Slowly eating my brain, tearing it apart. A virus in my head telling me how to live and controlling my feelings. If I can't love what can I do? Hate. Hate that I have a virus and that I'm slowly turning to one myself. I'll come back to where I once was in a happy place, with no virus in sight.
A land where children could see the sun and the blue sky. In those times I could say to my children: "Say what you want for we are free and no trouble is in sight." Sad I am now for my mistake and even more sad for my children are dead now for they were seduced and used by my words that killed them.
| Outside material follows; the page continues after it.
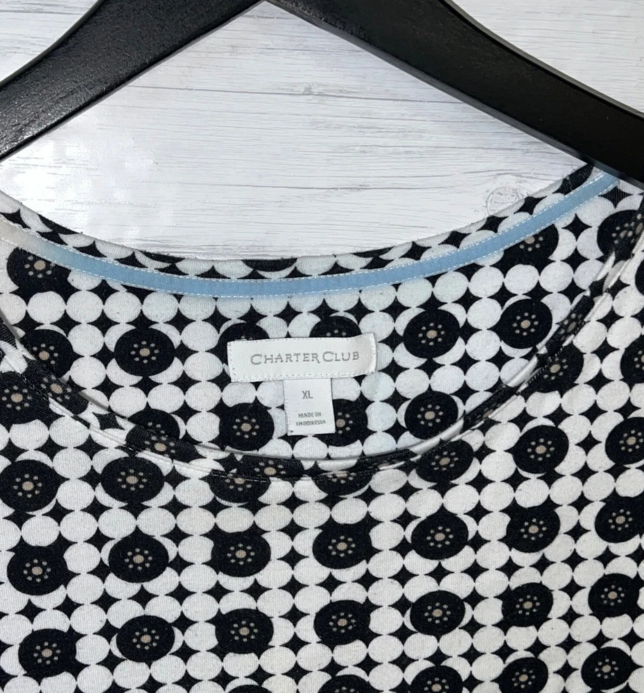 Sleeve Length: Long Sleeve Type: T-Shirt Color: White Neckline: Crew Neck Brand: Charter Club Material: Cotton Blend Department: Women Size Type: Regular Size: M Style: Basic Pattern: Geometric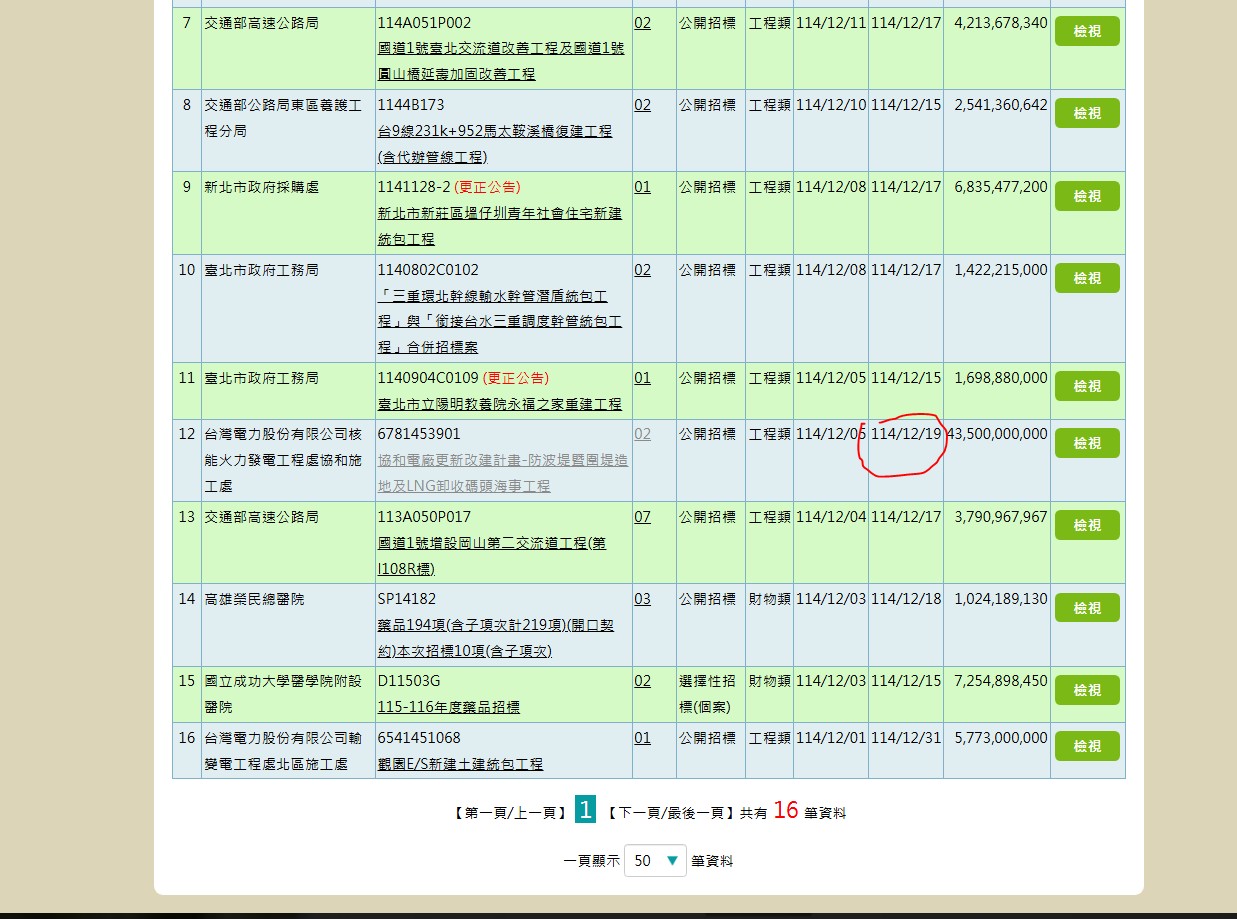 大型工程標案,前期準備時間都很長,四接有沒有得標對工信明年的財報沒有幫助。

Cutting my veins open, making myself cry, desperate for your help I seek in the darkness a light that represents the hope I once had in myself. Only hope that I have now it's yours because it's my life on the risk but my heart is in your hands. For this virus is trying to control me but you're the only place in my mind where he'll never find or even suspect.
Dark in my eyes, ask me what is wrong, let me tell you that I love the felling, the felling of my brain being eaten. Some words are misunderstood but nor from or for you. What I say and what I said to you I mean and meant it for you are the special one and I know that when I don't have a brain you'll be always beside me taking care of me for your memory will always live and the virus will never find it though it will destroy it slowly without it even knowing. Love you my angel of freedom and still you're killing me and the virus is eating my brain.
In the fields of the war will the virus came out and say to the world that he's the cause of destruction or will you reveal your self with your white wings and you black hair covering the sun and the fields letting me finally have some rest?